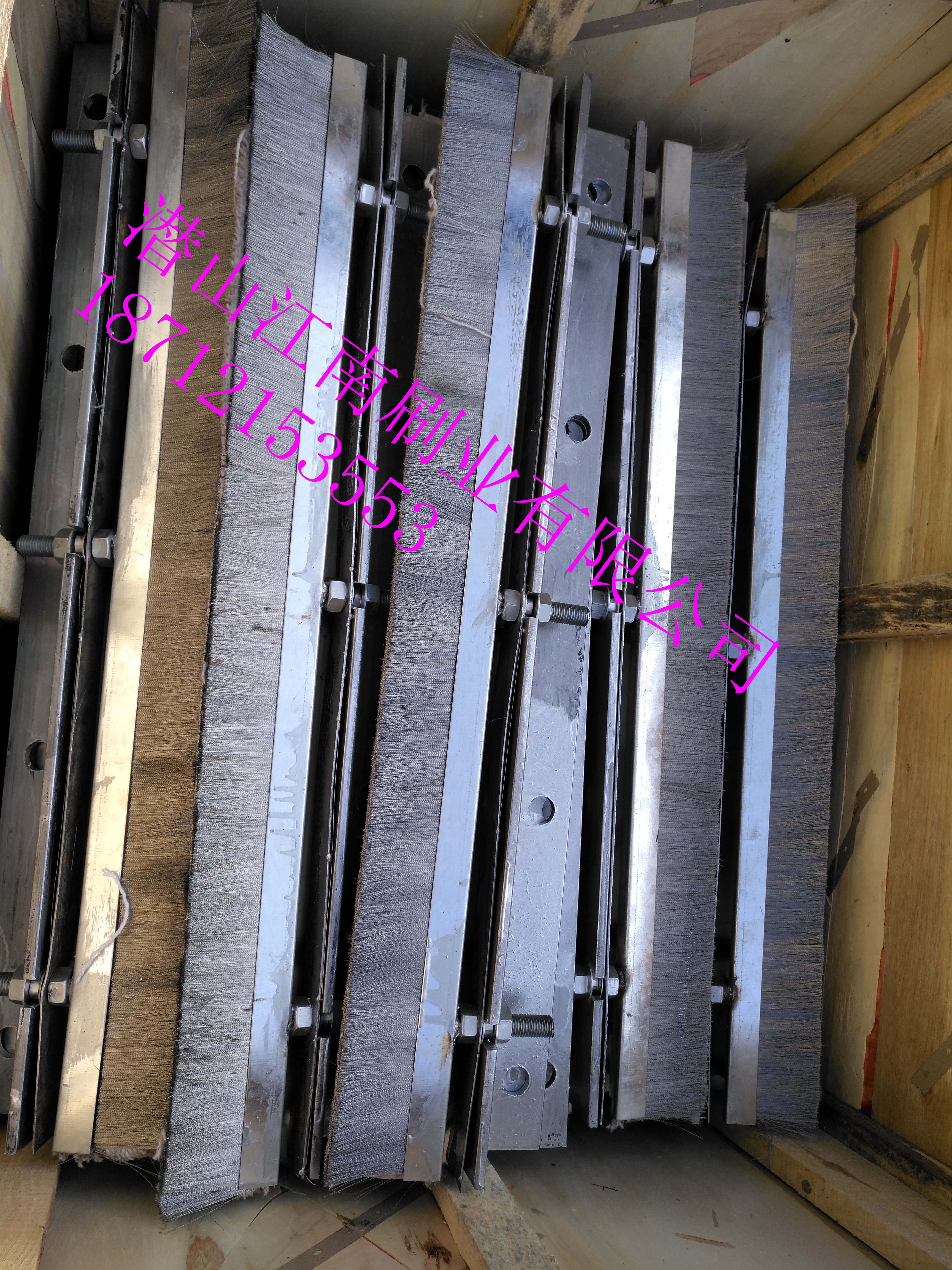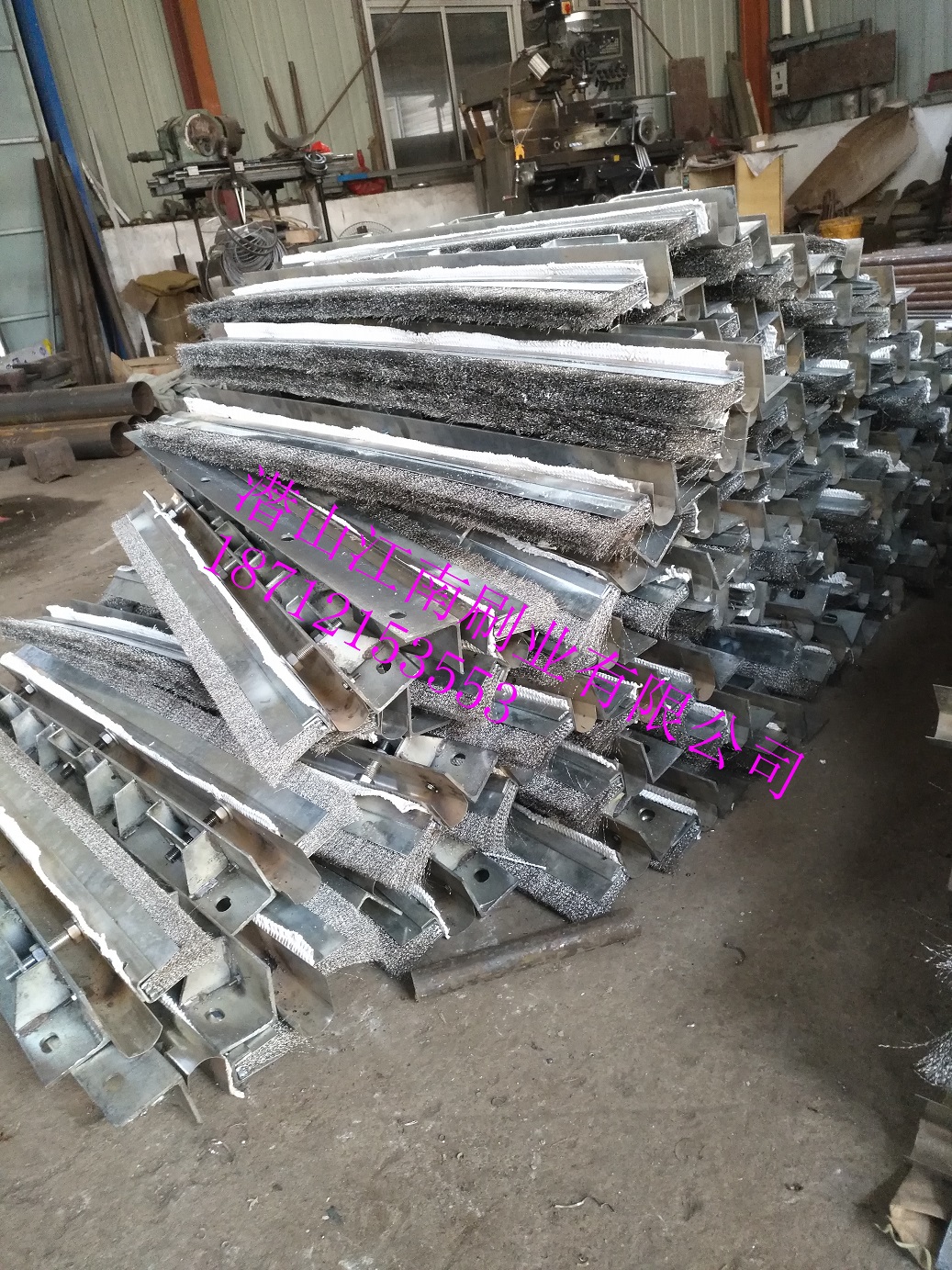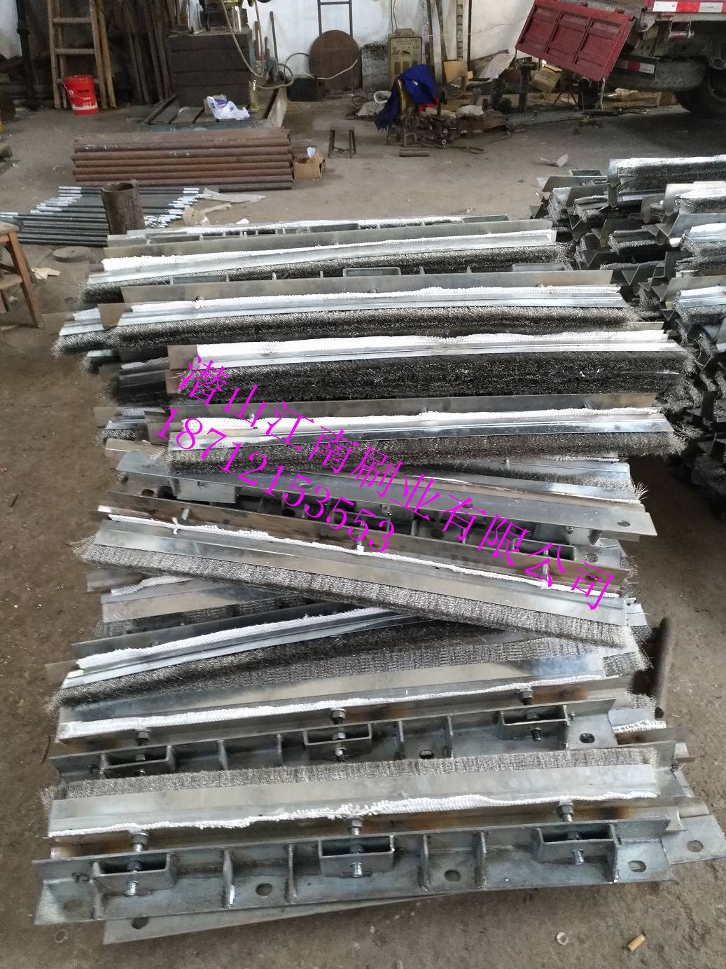 车轮与横梁经过V字型卸料沟后,横梁逐渐接近台车体,为防止块料卡在中间,横梁与台车体之间有一定的间隙,间隙用钢刷式密封代替原橡胶密封。该结构采用密集的耐温耐磨钢刷制作,外面带有磁性物质,生产运行中,钢刷吸附铁粉粒呈圆束状在外层更好地进行密封,见图3。
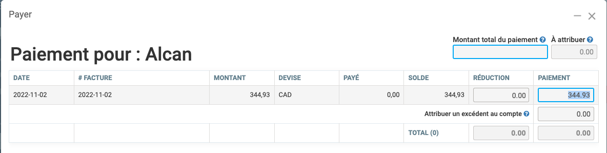 Cliquez sur la case paiement pour reporter le solde de la facture que vous pourrez ajuster au besoin.
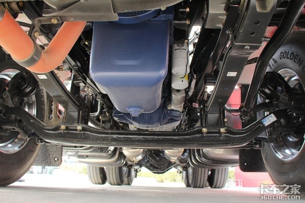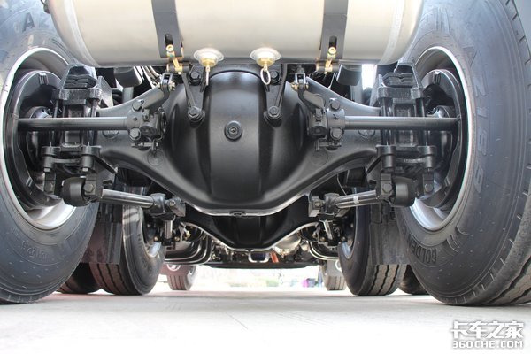 这款超值版X5000前后桥都采用的是汉德免维护产品,前桥为汉德曼技术5.5T级前桥,后桥为11.5T曼技术单级减速桥,后桥速比为3.7,当然了针对不同运输工况,可以选择不同速比。
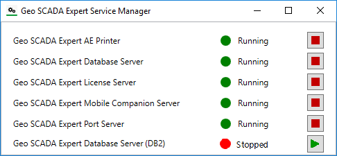 You may need to stop the Geo SCADA Expert server when you alter certain server configuration settings or when making a backup of your database. You are usually prompted on screen whenever you need to stop the Geo SCADA Expert server.
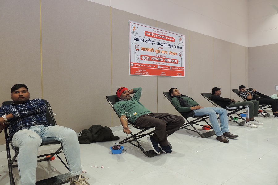 भैरहवा, १९ पुस। मारवाडी युवा दिवसको अवसरमा नेपाल राष्ट्रिय मारवाडी युवा संगठन केन्द्रीय समिति र यसअन्तर्गत रहेका मारवाडी युवा मंचहरुले मुलुकका २० सहरमा रक्तदान गरेका छन् । रगत अभावमा कसैले पनि अनाहकमा ज्यान गुमाउन नपरोस् भन्ने उद्देश्यकासाथ मुलुकका मुख्य सहरहरुमा एकैपटक शुक्रबार रक्तदान कार्यक्रम आयोजना गरिएको मारवाडी युवा संगठन केन्द्रीय समितिले जनाएको छ ।

◆ ◆ ◆ ◆ ◆ ◆ ◆

» **ASSIGNED TASK**:
The records are to be duplicated in full and exactly, with images left out.

» **SOLUTION TO THIS EXERCISE**:
 车轮与横梁经过V字型卸料沟后,横梁逐渐接近台车体,为防止块料卡在中间,横梁与台车体之间有一定的间隙,间隙用钢刷式密封代替原橡胶密封。该结构采用密集的耐温耐磨钢刷制作,外面带有磁性物质,生产运行中,钢刷吸附铁粉粒呈圆束状在外层更好地进行密封,见图3。
 Cliquez sur la case paiement pour reporter le solde de la facture que vous pourrez ajuster au besoin.
 这款超值版X5000前后桥都采用的是汉德免维护产品,前桥为汉德曼技术5.5T级前桥,后桥为11.5T曼技术单级减速桥,后桥速比为3.7,当然了针对不同运输工况,可以选择不同速比。
 You may need to stop the Geo SCADA Expert server when you alter certain server configuration settings or when making a backup of your database. You are usually prompted on screen whenever you need to stop the Geo SCADA Expert server.
 भैरहवा, १९ पुस। मारवाडी युवा दिवसको अवसरमा नेपाल राष्ट्रिय मारवाडी युवा संगठन केन्द्रीय समिति र यसअन्तर्गत रहेका मारवाडी युवा मंचहरुले मुलुकका २० सहरमा रक्तदान गरेका छन् । रगत अभावमा कसैले पनि अनाहकमा ज्यान गुमाउन नपरोस् भन्ने उद्देश्यकासाथ मुलुकका मुख्य सहरहरुमा एकैपटक शुक्रबार रक्तदान कार्यक्रम आयोजना गरिएको मारवाडी युवा संगठन केन्द्रीय समितिले जनाएको छ ।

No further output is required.